But there is a bright side in the turn my daily routine has taken. As my body begins to fail me my mind, or at least my perception of it, is reaching new heights. Almost on a daily bases I have an experience that triggers a recollection, that triggers a comparison that, in turn, triggers a conclusion. If, in retrospect, I can go back and tie a few of these happenings and concepts together in a logical and cognitive narrative–I might be able to put something in writing that, although proving painfully unreadable, could baffle psychiatrists for years to come.

Let’s start with last week when I stumbled on a National Geographic TV documentary … Wild Scotland. While being entertained, I learned that Reindeer are a polygynous specie. This means that male reproductive success is directly correlated with the dominance status of individual males (in school-yard parlance, this equates to: “the class bully gets dibs on screwing all the chicks”). I also learned that Reindeer are unique in that both males and females grow horns. Males, as could be expected, use theirs to fight each other to compete for mating rights but no explanation was offered to explain why the ladies were so endowed. It was also very interesting that, almost as an afterthought, we were told that the bulls would shed their huge racks in a molting process each year after mating but that females never lose theirs.

stud                           book

In the late 1960’s I read a book entitled The Naked Ape authored by a zoologist named Desmond Morris. It was from this book that I extracted an evolutionary proposition and embraced it as a life-long fundamental truth. I did so by accepting the fact that man, like most animals, has evolved … and simultaneously agreeing with the author in concluding that this human evolution has not achieved the same results in both men and women. With this as my justification–I openly opine:

When even the most dominate and testosterone laden of pre-historic men realized that the dangerous task of tracking and killing large mammals for food required the banding together with other men, all armed with spears and clubs … he would soon come to the realization that it probably would not be a good idea to have regularly shared his bed with one of their women, much less–all of their women. This practice of unspoken reliance and loyalty in primitive bands of hunters is evident today in the way men feel about the guy next to them on the football line of scrimmage, in a hazardous workplace, or in a foxhole. With a few unfortunate exceptions … if you count on him, if you respect him, or if for any reason he is charged with having your back–you don’t mess around with her!

Meanwhile, back in the cave: to quote an old acquaintance … “women can be treacherous”. Realizing that the father of her children and the man she is counting on to bring home food and animal skins might not return from hunting the woolly mammoth and saber-toothed tiger, the female of the specie was evolving with a different mind-set and priorities. Female humans, as with most primate species, need many resources to support their maternal fulfillment. Primate offspring are altricial rather than precocial. They are born helpless and are dependent on their mothers for several years. This being the case, the pre-historic woman lived in constant fear of the possibility of the death of her man. The hardship that would follow could lead to neglect, exile, and even starvation for her and her young ones.

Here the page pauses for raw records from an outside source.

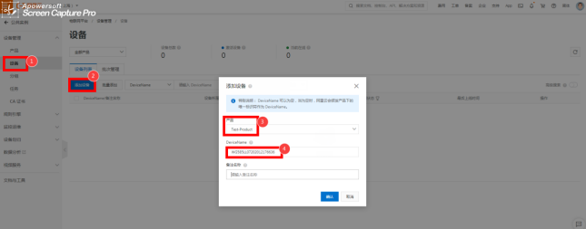项目生成后,点击“设备管理”选择“设备”,选取右边“添加设备”。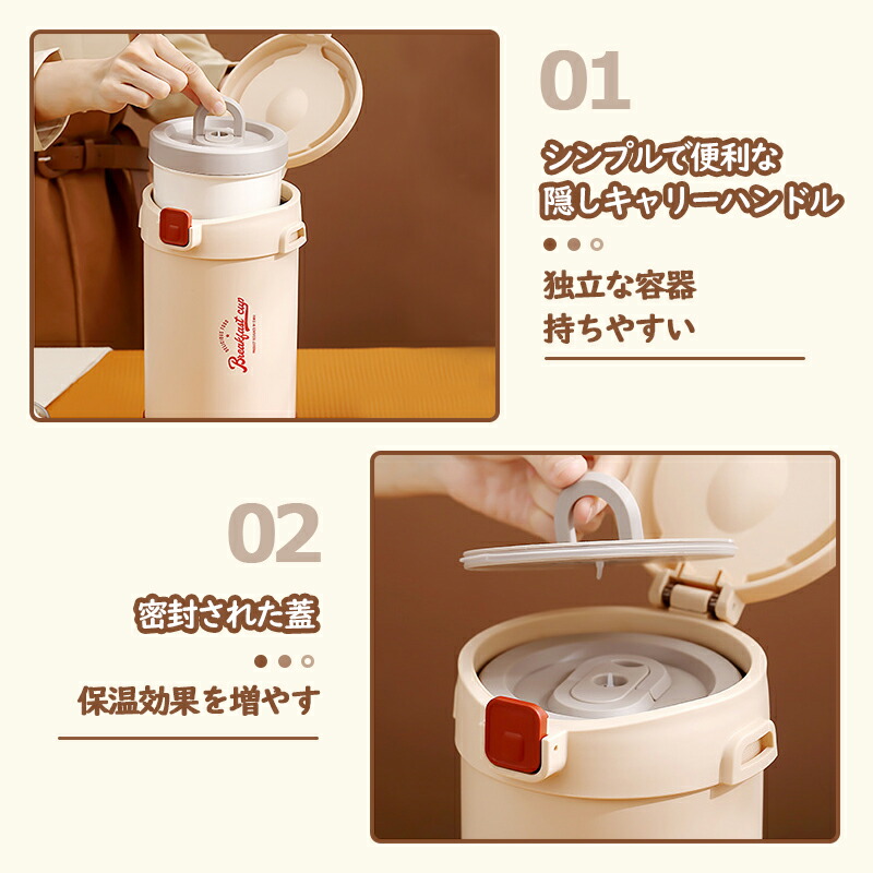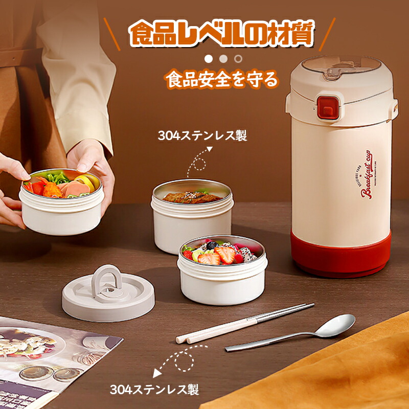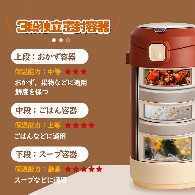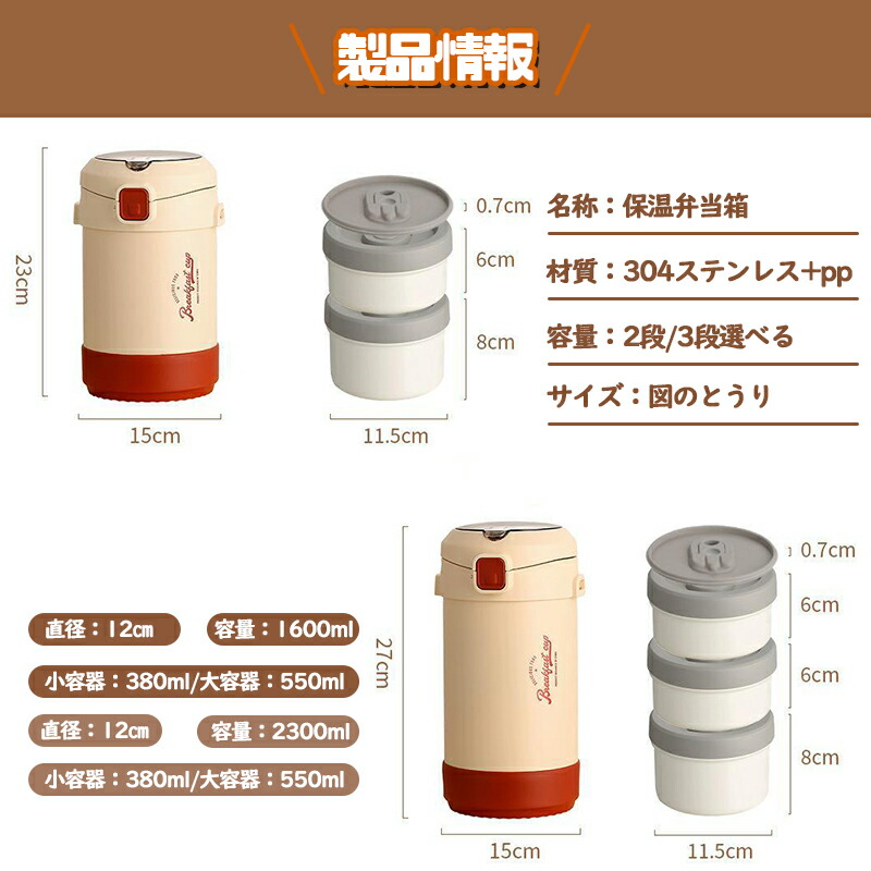 保温弁当箱 弁当箱 大容量 軽量 2段 キッチン用品 食器 調理器具 特集 ホワイト レッド 1800ml(2段) 2300ml(3段)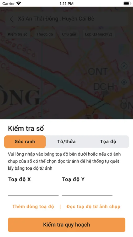 - Tra cứu thông tin quy hoạch theo toạ độ góc ranh VN2000 trên sổ đỏ.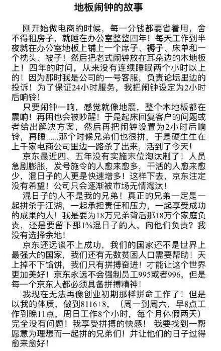 刘强东同学最近有点忙,当年大强子承诺「永远不会开除任何一个兄弟」,话说得好听,就是事办得不漂亮,今年转头就忙着重新定义「兄弟」两个字的含义,提出「混日子的人不是我的兄弟!」既然不是兄弟了,那大哥把你当成「三类人」淘汰也就没有心理压力了,因为大强子说了,「以我的体质,做到8116+8,周一到周六,早8点工作到晚11点,周日工作8小时,每个月休假两天。」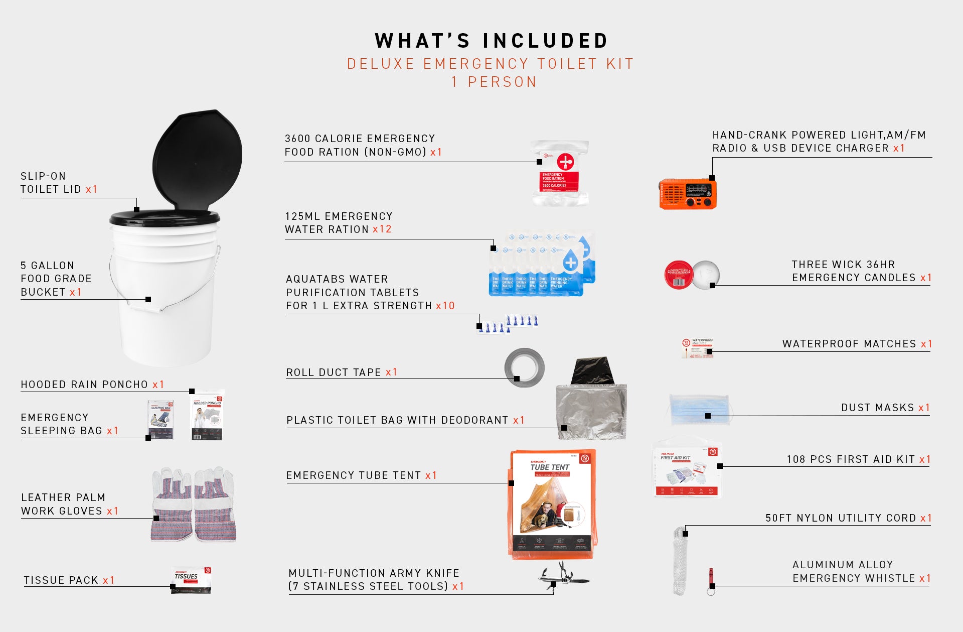 - 1 Person 72HRS Deluxe Toilet - Emergency Survival Kit

Even if her provider did return from the hunt, she would have realized that any death in the hunting party and the resulting creation, back in the cave, of a de facto widow would pose a threat to her and her offspring. What if the girl in the next cavern cubical were to lose her man? Worse yet, what if that other woman was younger, had prettier hair, no children, a dynamite figure, and her breasts didn’t sag? How long would it be before that, now unattached, gal started wiggling her barely covered rear end as she sought solace in her grief around the communal camp fire?

Need I say that abandonment, promiscuity, and adultery were concepts that had not been fully recognized or subscribed to by the fur and loincloth clad men that would have been stoking the flames of that fire. Everyone knew what the situation was–if this widowed woman was to survive, she needed to find another man and she didn’t have much time. Without a provider of food and shelter she would, in time, surely weaken and die but a much more sinister and immediate danger was at hand … the other ladies in the cave.

lost her man

As man was evolving to put his trust in other men, woman came to the realization that other women in the cave potentially posed the greatest danger she and, more importantly, her children would ever face.

No, man is not a fallen angel, but a risen ape, remarkable in his resilience, energy, and imagination–yet an animal nonetheless and as I get older, I’m both more religious in my aspirations and more observant of my surroundings. I spend time looking up at the clouds and wondering what it will be like to be reunited with my mother and father while my Creator looks on. That same day might find me praying that the Good Lord will take me first because I don’t want to be left on this earth alone. I feel this way for a most selfish reason … I would make a terrible bachelor and I’m deathly afraid of becoming a target for “the Casserole Ladies”.

Nick Coppola, one of my best friends in life, lived for quite a few years after his wife Marcy passed away. Within days of him becoming a widower, half the ladies in the condo where he lived started showing up with casseroles and offers to stay and show him how to warm them up (the food dish–I presume). Naturally, invitations to come to their abode for dinner were soon to follow. Nick came to the realization very quickly that he, and the female population around him, had come full circle in the naked ape’s evolutionary progression. There were no large mammals to hunt and there was no band of armed hunters in the condo cave that he and his female suiters had created but, innocent and unknowingly, he had become a virtually unchallenged dominate male. At his age his horns had long since fallen away and would never return, but those of his suddenly attentive neighbors were very evident in the casseroles that began to stack up in his refrigerator.

Nick was lonely but also wise enough to recognize that he was surrounded by beings that had not evolved the same as he, or any other man for that matter. The female humans around him, like the reindeer doe, had never molted. Their children had left the nest years ago, but they were still firmly in the grasp of evolutionary need. They were in a post-menopausal state of horniness and were engaged with the other condo ladies in fierce culinary combat for his affections.

As the years went by, Nick was successful in avoiding the matrimonial overtures of his suiters. Adhering to the Sphinx, he eventually began walking on three legs, took more pees and afternoon naps, and in general was very content with the latter-years lifestyle he had chosen. Yes, he had escaped the evolutionary trap that had threatened his solitude. The only remorse he ever expressed came in a moment of poignant reflection when he admitted to me that he did “sorta miss the casseroles.”